Department of Human Genetics, Hannover Medical School, Hannover, Germany.
Institute of Hematology and Center for Hemato-Oncology Research, University and Hospital of Perugia, Perugia, Italy.
Fam Cancer. 2021 Oct;20(4):295-303. doi: 10.1007/s10689-021-00263-z. Epub 2021 May 31.

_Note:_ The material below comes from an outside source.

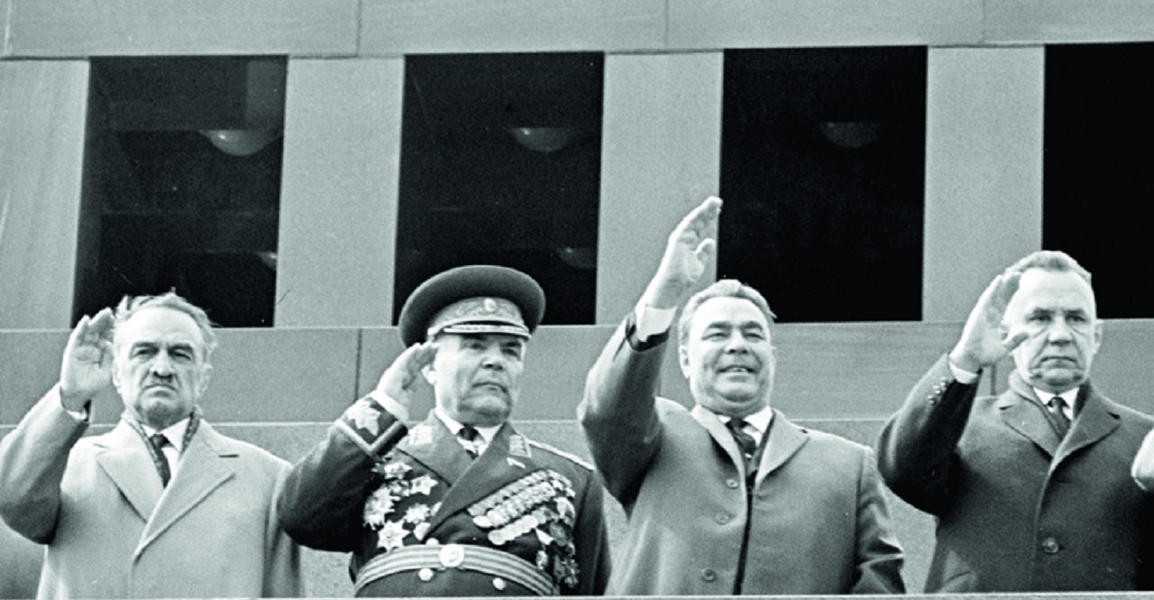 Na fotografii z roku 1965 (zľava doprava) Anastasa Mikojana, maršala Sovietskeho zväzu Rodiona Malinovského, Leonida Brežneva a Alexeja Kosygina, ako si pripomínajú 20. výročie víťazstva nad nacistami

Since WHO has recognized myeloid neoplasms with germline predisposition as a new entity in 2016, it has become increasingly clear that diagnosing familial leukemia has critical implications for both the patient and his/her family, and that interdisciplinary teams of hematologists and clinical geneticists should provide care for this specific patient group. Here, we summarize consensus criteria for the identification and screening of patients with genetic predisposition for hematologic malignancies, as provided by different working groups, e.g. by the Nordic MDS group and the AACR. In addition to typical clinical features, results from targeted deep sequencing may point to a genetic predisposition. We review strategies to distinguish somatic and germline variants and discuss recommendations for genetic analyses aiming to identify the underlying genetic variant that should follow established quality criteria to detect both SNVs and CNVs and to determine the pathogenicity of genetic variants. To enhance the knowledge about hematologic neoplasms with germline predisposition we recommend archiving clinical and genetic data and archiving them in international registries.
自 2016 年世界卫生组织(WHO)将伴种系倾向的髓系肿瘤确认为一种新实体以来,越来越明显的是,诊断家族性白血病对患者及其家属都具有重要意义,血液学家和临床遗传学家的跨学科团队应为这一特定患者群体提供护理。在这里,我们总结了不同工作组(例如北欧 MDS 组和美国癌症研究协会)提供的用于鉴定和筛查遗传性血液恶性肿瘤易感性患者的共识标准。除了典型的临床特征外,靶向深度测序的结果也可能提示遗传易感性。我们回顾了区分体细胞和种系变异的策略,并讨论了遗传分析的建议,旨在确定潜在的遗传变异,这些建议应遵循既定的质量标准,以检测 SNV 和 CNV,并确定遗传变异的致病性。为了增强对伴种系倾向的血液肿瘤的认识,我们建议对临床和遗传数据进行存档,并将其存档于国际注册处。